Menhub Pastikan Keselamatan Transportasi Jadi Prioritas Pascagempa NTT
Poin Penting
|
JAKARTA, investortrust.id - Menteri Perhubungan (Menhub), Dudy Purwagandhi menyampaikan duka cita dan keprihatinan atas gempa bumi yang melanda Nusa Tenggara Timur (NTT) pada Sabtu (15/8/2026) pagi waktu setempat. Ia memastikan keselamatan serta kelancaran operasional transportasi di wilayah terdampak menjadi prioritas pemerintah.
“Kami turut berduka cita dan prihatin atas peristiwa gempa bumi yang terjadi di wilayah NTT. Kami telah menginstruksikan seluruh unit kerja terkait untuk melakukan pemeriksaan secara menyeluruh terhadap fasilitas-fasilitas transportasi terdampak,” kata Menhub Dudy di Jakarta, Sabtu (15/8/2026).

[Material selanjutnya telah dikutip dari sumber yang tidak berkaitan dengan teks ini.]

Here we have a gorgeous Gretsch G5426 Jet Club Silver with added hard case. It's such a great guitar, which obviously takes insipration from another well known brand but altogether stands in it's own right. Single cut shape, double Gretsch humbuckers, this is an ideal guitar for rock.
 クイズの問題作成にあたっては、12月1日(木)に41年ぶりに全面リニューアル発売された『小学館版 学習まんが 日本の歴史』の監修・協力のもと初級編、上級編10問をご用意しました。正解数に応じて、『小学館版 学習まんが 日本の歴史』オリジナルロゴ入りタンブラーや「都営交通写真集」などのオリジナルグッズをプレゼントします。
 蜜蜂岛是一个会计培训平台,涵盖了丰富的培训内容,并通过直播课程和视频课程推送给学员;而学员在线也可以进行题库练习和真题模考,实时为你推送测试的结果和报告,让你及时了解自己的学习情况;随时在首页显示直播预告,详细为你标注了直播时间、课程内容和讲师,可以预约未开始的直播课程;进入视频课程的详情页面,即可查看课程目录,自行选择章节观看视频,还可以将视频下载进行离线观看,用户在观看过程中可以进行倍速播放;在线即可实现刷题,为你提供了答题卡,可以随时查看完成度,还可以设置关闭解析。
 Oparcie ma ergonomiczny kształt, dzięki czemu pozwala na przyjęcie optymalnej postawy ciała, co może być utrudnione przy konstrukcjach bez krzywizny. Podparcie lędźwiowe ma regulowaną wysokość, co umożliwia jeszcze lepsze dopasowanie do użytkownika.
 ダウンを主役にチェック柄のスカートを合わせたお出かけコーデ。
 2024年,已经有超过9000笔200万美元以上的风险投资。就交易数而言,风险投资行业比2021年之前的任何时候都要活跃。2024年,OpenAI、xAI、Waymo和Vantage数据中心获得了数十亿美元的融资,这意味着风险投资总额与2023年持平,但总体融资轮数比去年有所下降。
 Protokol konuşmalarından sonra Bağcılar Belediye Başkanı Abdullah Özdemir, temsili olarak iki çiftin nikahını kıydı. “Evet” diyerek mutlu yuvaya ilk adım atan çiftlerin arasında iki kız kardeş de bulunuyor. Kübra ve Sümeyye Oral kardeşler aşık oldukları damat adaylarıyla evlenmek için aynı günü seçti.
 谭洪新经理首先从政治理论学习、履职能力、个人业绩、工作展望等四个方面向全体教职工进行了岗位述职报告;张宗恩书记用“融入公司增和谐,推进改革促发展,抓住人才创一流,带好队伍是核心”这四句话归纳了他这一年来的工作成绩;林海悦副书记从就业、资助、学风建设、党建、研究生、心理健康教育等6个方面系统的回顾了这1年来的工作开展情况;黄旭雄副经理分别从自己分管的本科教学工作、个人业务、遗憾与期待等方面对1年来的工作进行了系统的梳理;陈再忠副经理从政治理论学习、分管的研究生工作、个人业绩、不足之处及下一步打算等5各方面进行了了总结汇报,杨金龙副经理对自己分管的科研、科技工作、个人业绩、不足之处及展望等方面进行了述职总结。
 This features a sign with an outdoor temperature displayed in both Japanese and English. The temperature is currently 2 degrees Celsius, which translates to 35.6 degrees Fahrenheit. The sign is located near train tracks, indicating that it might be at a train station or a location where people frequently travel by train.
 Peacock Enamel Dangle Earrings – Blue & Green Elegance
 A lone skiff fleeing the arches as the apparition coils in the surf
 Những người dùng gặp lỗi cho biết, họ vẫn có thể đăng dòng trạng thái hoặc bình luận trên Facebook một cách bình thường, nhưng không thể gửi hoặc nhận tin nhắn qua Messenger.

Menhub menjelaskan, pemeriksaan menyeluruh dilakukan, baik di pelabuhan, terminal, hingga bandara, guna memastikan seluruh sarana dan prasarana berada dalam kondisi aman pasca terjadinya gempa bumi. “Keselamatan penumpang dan seluruh petugas harus tetap jadi prioritas utama,” tegas dia.
Baca Juga
Bertambah, Korban Meninggal Akibat Gempa NTT Mencapai 38 Orang
Menurut Dudy, berdasarkan informasi yang diterima, gempa berdampak terhadap sejumlah sarana dan prasarana transportasi di NTT. Beberapa fasilitas yang terdampak di antaranya Pelabuhan Laurentius Say, Pelabuhan Reo, Pelabuhan Nangakeo, dan Bandar Udara Komodo.
Di Pelabuhan Laurentius Say, kata dia, gempa menyebabkan bagian dermaga dan bangunan ruang tunggu roboh. Saat gempa terjadi, KM Bukit Siguntang tengah bersandar di dermaga pelabuhan tersebut. Di Pelabuhan Reo, kerusakan terjadi pada bagian kantor dan terminal, namun tidak terdapat korban jiwa.
Dudy menambahkan, kerusakan ringan juga terjadi di sejumlah fasilitas Pelabuhan Nangakeo, antara lain plafon yang runtuh dan tembok retak. Kondisi tersebut menyebabkan layanan perintis untuk sementara dihentikan.
Sementara itu, Bandar Udara Komodo mengalami kerusakan pada fasilitas Gedung PKP-PK, Terminal Sisi Darat, Gedung Administrasi, serta kerusakan minor pada fasilitas sisi udara, yakni fillet Taxiway A. “Tidak ada korban jiwa dalam kejadian tersebut. Bandara tetap beroperasi secara normal dengan sejumlah pembatasan,” tutur dia.
Menhub Dudy meminta jajaran Unit Pelaksana Teknis (UPT) Kemenhub di NTT dan wilayah sekitarnya terus berkoordinasi dengan berbagai stakeholder, termasuk BMKG, Basarnas, TNI/Polri, pemerintah daerah, dan operator transportasi. Koordinasi dilakukan untuk memantau kondisi di lapangan setelah gempa.
Ia juga meminta seluruh petugas memprioritaskan proses penyelamatan penumpang sekaligus meningkatkan kewaspadaan terhadap kondisi di wilayah terdampak.
Baca Juga
“Meskipun peringatan dini tsunami telah dicabut, saya minta seluruh pihak untuk tetap mengutamakan aspek keselamatan dalam bermobilitas, khususnya di wilayah terdampak. Kami juga mengimbau masyarakat tetap tenang, selalu update informasi resmi terkait cuaca dari BMKG, dan senantiasa ikuti arahan petugas di lapangan,” papar dia.
Dudy menegaskan, Kemenhub akan terus memantau kondisi sarana dan prasarana transportasi di wilayah terdampak. Pemerintah juga memastikan layanan transportasi dapat kembali beroperasi secara optimal dengan tetap mengedepankan keselamatan.
Ia mengimbau masyarakat tidak mudah percaya terhadap informasi yang belum terverifikasi. Kemenhub akan memberikan pembaruan secara berkala mengenai kondisi sarana dan prasarana transportasi yang terdampak gempa.
“Kemenhub berkomitmen terus memberikan informasi terkini kepada masyarakat serta mengambil langkah-langkah yang diperlukan guna menjamin keselamatan, keamanan, dan kelancaran transportasi di wilayah NTT dan sekitarnya. Saya berharap aktivitas masyarakat dapat kembali normal seperti sedia kala,” ujar Menhub.